DATA BLOCK
****

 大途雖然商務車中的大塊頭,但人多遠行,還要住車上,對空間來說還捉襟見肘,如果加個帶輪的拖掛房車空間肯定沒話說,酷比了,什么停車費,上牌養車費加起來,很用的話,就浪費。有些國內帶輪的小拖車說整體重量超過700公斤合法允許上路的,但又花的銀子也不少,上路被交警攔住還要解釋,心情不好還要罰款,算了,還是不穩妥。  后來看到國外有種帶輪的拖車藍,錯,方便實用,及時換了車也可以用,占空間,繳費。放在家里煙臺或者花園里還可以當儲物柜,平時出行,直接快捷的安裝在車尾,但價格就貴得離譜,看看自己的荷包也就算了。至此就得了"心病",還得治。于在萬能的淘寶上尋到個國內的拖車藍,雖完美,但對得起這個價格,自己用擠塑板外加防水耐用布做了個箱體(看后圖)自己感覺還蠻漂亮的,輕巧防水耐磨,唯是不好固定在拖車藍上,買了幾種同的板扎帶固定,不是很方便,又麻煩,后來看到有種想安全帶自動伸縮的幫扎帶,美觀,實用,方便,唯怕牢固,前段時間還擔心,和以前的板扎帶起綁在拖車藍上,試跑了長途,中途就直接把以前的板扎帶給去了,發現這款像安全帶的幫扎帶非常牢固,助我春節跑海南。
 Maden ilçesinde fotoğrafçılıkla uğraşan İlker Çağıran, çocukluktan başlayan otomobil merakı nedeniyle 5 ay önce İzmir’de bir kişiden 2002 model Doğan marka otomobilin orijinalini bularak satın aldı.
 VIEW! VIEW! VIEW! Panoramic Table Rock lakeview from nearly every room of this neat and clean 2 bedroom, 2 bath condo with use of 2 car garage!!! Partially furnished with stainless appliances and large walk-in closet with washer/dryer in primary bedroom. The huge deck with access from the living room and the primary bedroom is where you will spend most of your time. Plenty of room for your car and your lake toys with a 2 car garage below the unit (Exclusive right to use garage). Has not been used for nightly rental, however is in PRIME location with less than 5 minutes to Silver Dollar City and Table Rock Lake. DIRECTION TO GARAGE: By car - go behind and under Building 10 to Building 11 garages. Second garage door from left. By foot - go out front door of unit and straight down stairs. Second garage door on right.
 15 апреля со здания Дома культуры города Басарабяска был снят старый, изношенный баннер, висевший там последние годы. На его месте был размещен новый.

****

Everything from the first line of the material through the line containing "Maden ilçesinde fotoğrafçılıkla" is to be printed exactly; lines after that are to be left out.

 大途雖然商務車中的大塊頭,但人多遠行,還要住車上,對空間來說還捉襟見肘,如果加個帶輪的拖掛房車空間肯定沒話說,酷比了,什么停車費,上牌養車費加起來,很用的話,就浪費。有些國內帶輪的小拖車說整體重量超過700公斤合法允許上路的,但又花的銀子也不少,上路被交警攔住還要解釋,心情不好還要罰款,算了,還是不穩妥。  后來看到國外有種帶輪的拖車藍,錯,方便實用,及時換了車也可以用,占空間,繳費。放在家里煙臺或者花園里還可以當儲物柜,平時出行,直接快捷的安裝在車尾,但價格就貴得離譜,看看自己的荷包也就算了。至此就得了"心病",還得治。于在萬能的淘寶上尋到個國內的拖車藍,雖完美,但對得起這個價格,自己用擠塑板外加防水耐用布做了個箱體(看后圖)自己感覺還蠻漂亮的,輕巧防水耐磨,唯是不好固定在拖車藍上,買了幾種同的板扎帶固定,不是很方便,又麻煩,后來看到有種想安全帶自動伸縮的幫扎帶,美觀,實用,方便,唯怕牢固,前段時間還擔心,和以前的板扎帶起綁在拖車藍上,試跑了長途,中途就直接把以前的板扎帶給去了,發現這款像安全帶的幫扎帶非常牢固,助我春節跑海南。
 Maden ilçesinde fotoğrafçılıkla uğraşan İlker Çağıran, çocukluktan başlayan otomobil merakı nedeniyle 5 ay önce İzmir’de bir kişiden 2002 model Doğan marka otomobilin orijinalini bularak satın aldı.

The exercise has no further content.